Nspawn Containers

This Link For Arch Linux Wiki for Nspawn Containers

I like the idea of starting with the easy containers first.

Create a FileSystem

cd /var/lib/machines
# create a directory
mkdir <container>
# use pacstrap to create a file system
pacstrap -i -c -d <container> base --ignore linux

At this point you might want to copy over some configs to save time later.

  • /etc/locale.conf
  • /root/.bashrc
  • /etc/locale.gen

First boot and create root password

systemd-nspawn -b -D <container>
passwd
# assuming you copied over /etc/locale.gen
locale-gen
# set timezone
timedatectl set-timezone <timezone>
# enable network time
timedatectl set-ntp 1
# enable networking
systemctl enable systemd-networkd
systemctl enable systemd-resolved
poweroff
# if you want to nat the container add *-n* flag
systemd-nspawn -b -D <container> -n
# and to bind mount the package cache
systemd-nspawn -b -D <container> -n --bind=/var/cache/pacman/pkg

Networking

Here's a link that skips ahead to Automatically Starting the Container

On Arch, assuming you have systemd-networkd and systemd-resolved set up correctly, networking from the host end of things should just work.
However on Linode it does not. What does work on Linode is to create a bridge interface. Two files for br0 will get the job done.

# /etc/systemd/network/50-br0.netdev
[NetDev]
Name=br0
Kind=bridge

# /etc/systemd/network/50-br0.netdev
[Match]
Name=br0

[Network]
Address=10.0.55.1/24 # arbitrarily pick a subnet range to taste
DHCPServer=yes
IPMasquerade=yes

Notice how the configuration file tells systemd-networkd to offer DHCP service and to perform masquerade. You can modify the systemd-nspawn command to use the bridge interface. Every container attached to this bridge will be on the same subnet and able to talk to each other.

# first restart systemd-networkd to bring up the new bridge interface
systemctl restart systemd-networkd
# and add --network-bridge=br0 to systemd-nspawn command
systemd-nspawn -b -D <container> --network-bridge=br0 --bind=/var/cache/pacman/pkg

Automatically Starting the Container

Here's a link back up to Networking in case you previously skipped ahead.

There are two ways to automate starting the container. You can override systemd-nspawn@.service or create an nspawn file.

First enable machines.target

# to override the systemd-nspawn@.service file
cp /lib/systemd/system/systemd-nspawn@.service /etc/systemd/system/systemd-nspawn@<container>.service

Edit /etc/systemd/system/systemd-nspawn@<container>.service to add the systemd-nspawn options you want to the ExecStart command.

Or create /etc/systemd/nspawn/<container>.nspawn

# /etc/systemd/nspawn/<container>.nspawn
[Files]
Bind=/var/cache/pacman/pkg

[Network]
Bridge=br0

# /etc/systemd/nspawn/<container>.nspawn
[Files]
Bind=/var/cache/pacman/pkg

[Network]
VirtualEthernet=1 # this seems to be the default sometimes, though

# in either case
systemctl start/enable systemd-nspawn@<container>
# to get a shell
machinectl shell <container>
# and then to get an environment
bash

This would be a good time to check for network and name resolution, symlink resolv.conf if need be.

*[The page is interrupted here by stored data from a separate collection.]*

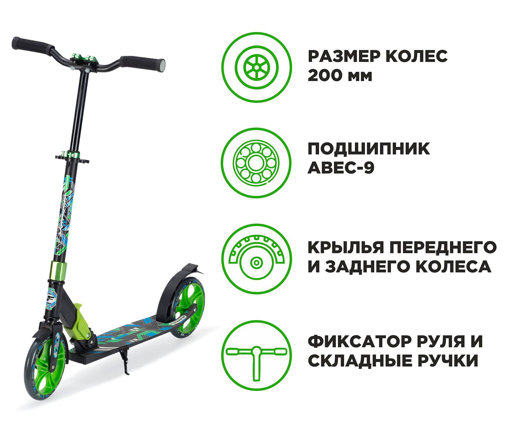 Самокат Городской FLEXTER Городской SKAT 200 черный/салатовый, 200 мм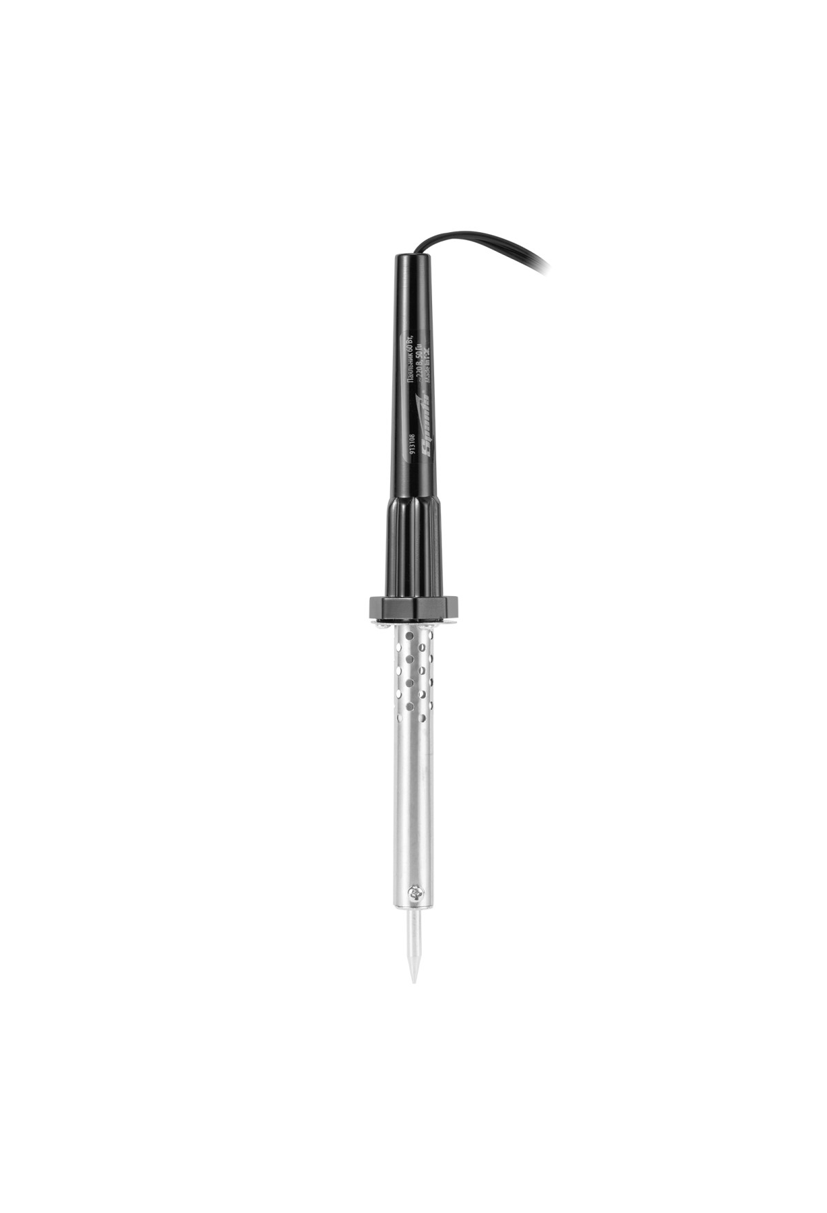 Паяльник Sparta 913108 мощностью 60 Вт, с пластиковой ручкой, работает от сети 220 В, предназначен для пайки микросхем, транзисторов, проводов и используется для ремонта электроники и бытовой техники. Нагревательным элементом является нихромовая спираль, что повышает устойчивость прибора к повреждениям в результате удара или падения. Съемное жало при необходимости можно заменить.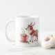 Warm up your winter mornings with this absolutely charming Cozy Reindeer mug! This delightful watercolor illustration features a friendly reindeer bundled up in festive red earmuffs and a patterned scarf, standing next to a steaming mug of hot cocoa topped with marshmallows and cinnamon.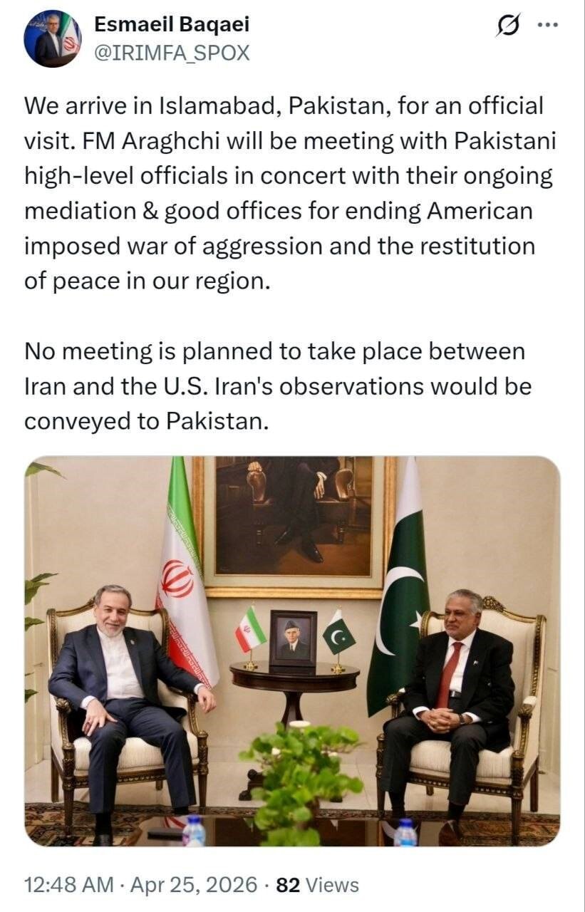 آقای عراقچی تاکید کرد: هیچ دیداری بین ایران و آمریکا برنامه ریزی نشده و نظرها و ملاحظات جمهوری اسلامی ایران به طرف پاکستانی منعکس میشود.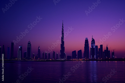 © Semuda art , Fototapeta premium City Skyline at Dusk Reflecting on the Water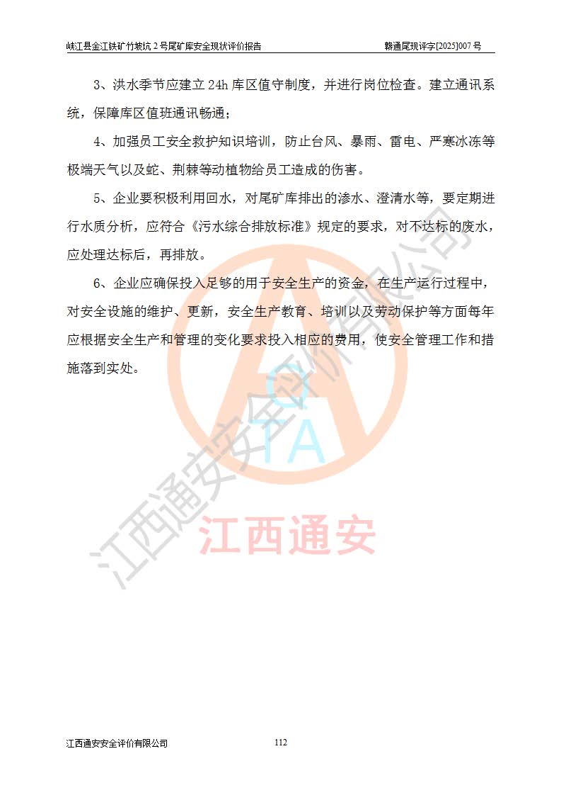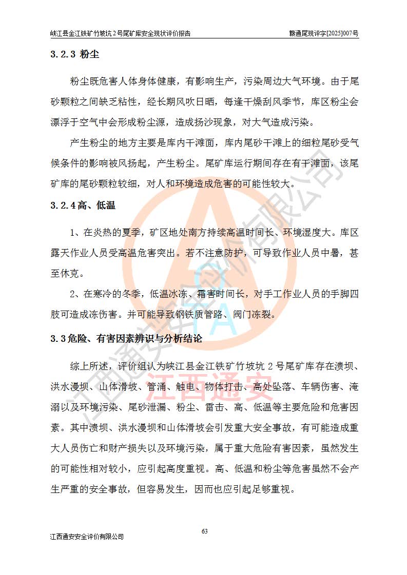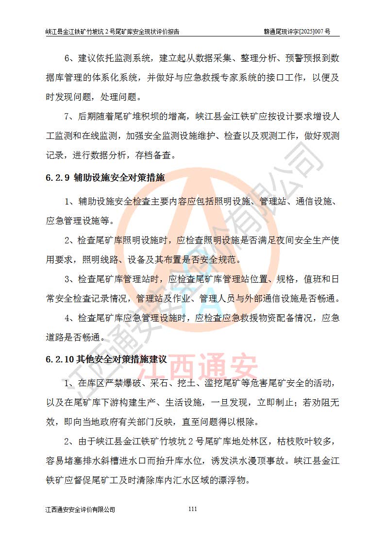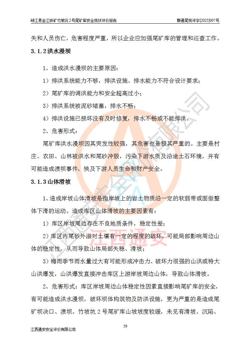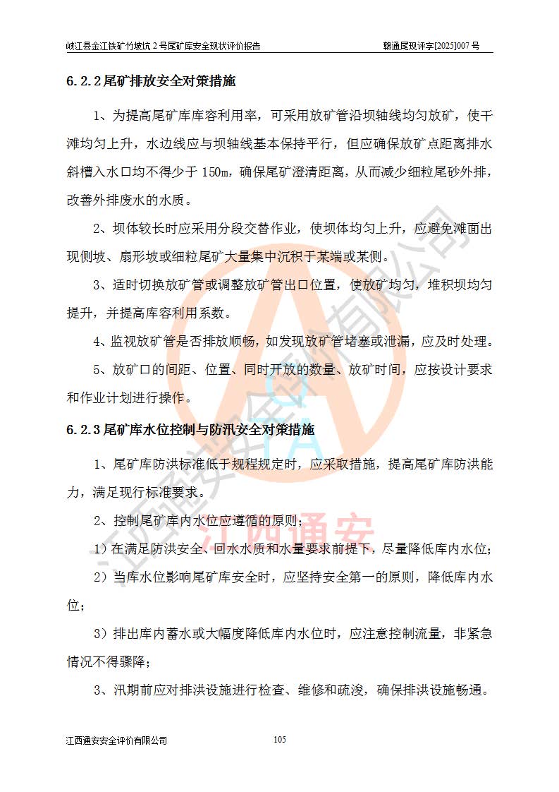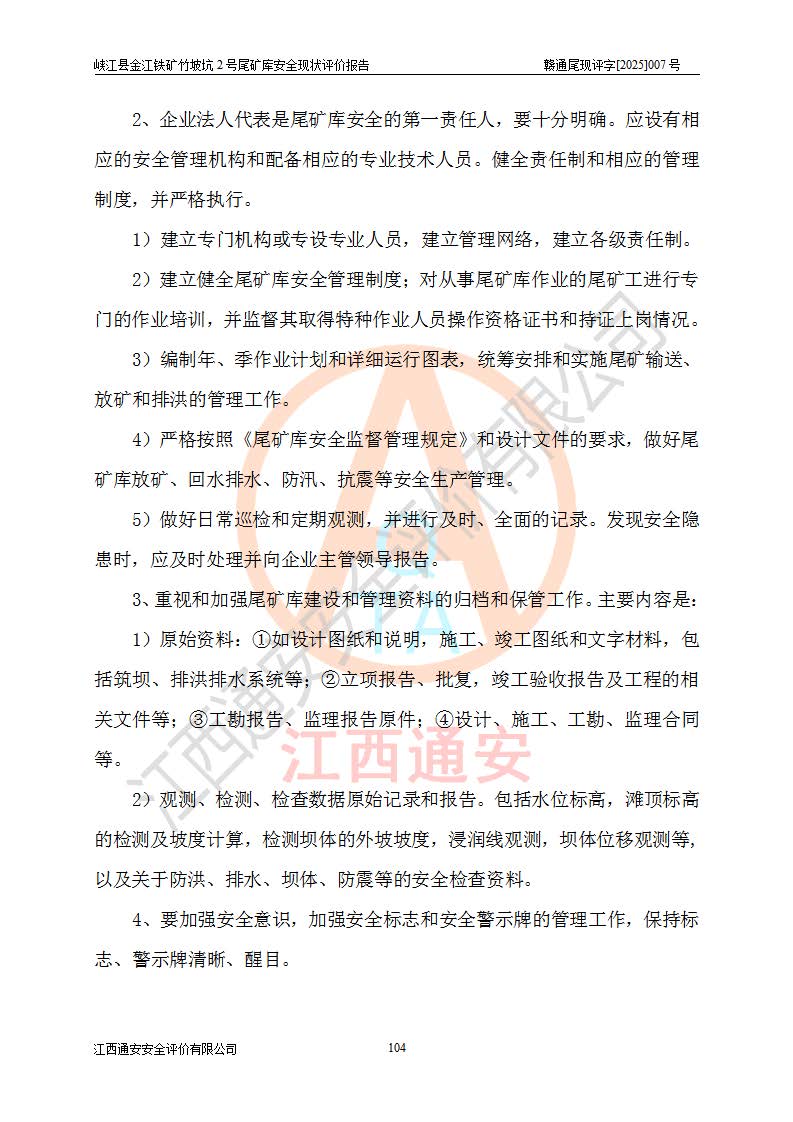 评价结论 | 峡江县金江铁矿竹坡坑2号尾矿库现状与《峡江县金江铁矿竹坡坑2号尾矿库加高扩容工程安全设施设计变更》一致,竹坡坑2号尾矿库为正常库,具备继续生产运行的安全生产条件。 | |||

Initial Configuration Inside The Container

# set time zone if you don't want UTC
timedatectl set-timezone <timezone>
# enable ntp, networktime
timedatectl set-ntp 1
# enable networking from inside the container
systemctl enable systemd-networkd
systemctl start systemd-networkd
systemctl enable systemd-resolved
systemctl start systemd-resolved
rm /etc/resolv.conf 
ln -s /run/systemd/resolve/resolv.conf /etc/
# ping google
ping -c 3 google.com

If you want to change the locale

Final Observations

  • You can start/stop nspawn containers with machinectl command.
  • You can start nspawn containers with systemd-nspawn command.
  • You can configure the systemd service for a container with @nspawn.service file override
  • Or you can configure an nspawn container with a dot.nspawn file

But in regards to the above list I have noticed differences in behaviour, in some scenarios, concerning file attributes for bind mounts.

Another curiosity: when you have nspawn containers natted on VirtualEthernet connections, they might be able to ping each other at 10.x.y.z, but not resolve each other. But they might be able to resolve each other if they are all connected to the same bridge interface or nspawn network zone, but will randomly resolve each other in any of the 10.x.y.z, 169.x.y.z, or fe80::....:....:....%host (ipv6 local) spaces, which would complicate configuring the containers to talk to each other. But I intend to look into this some more.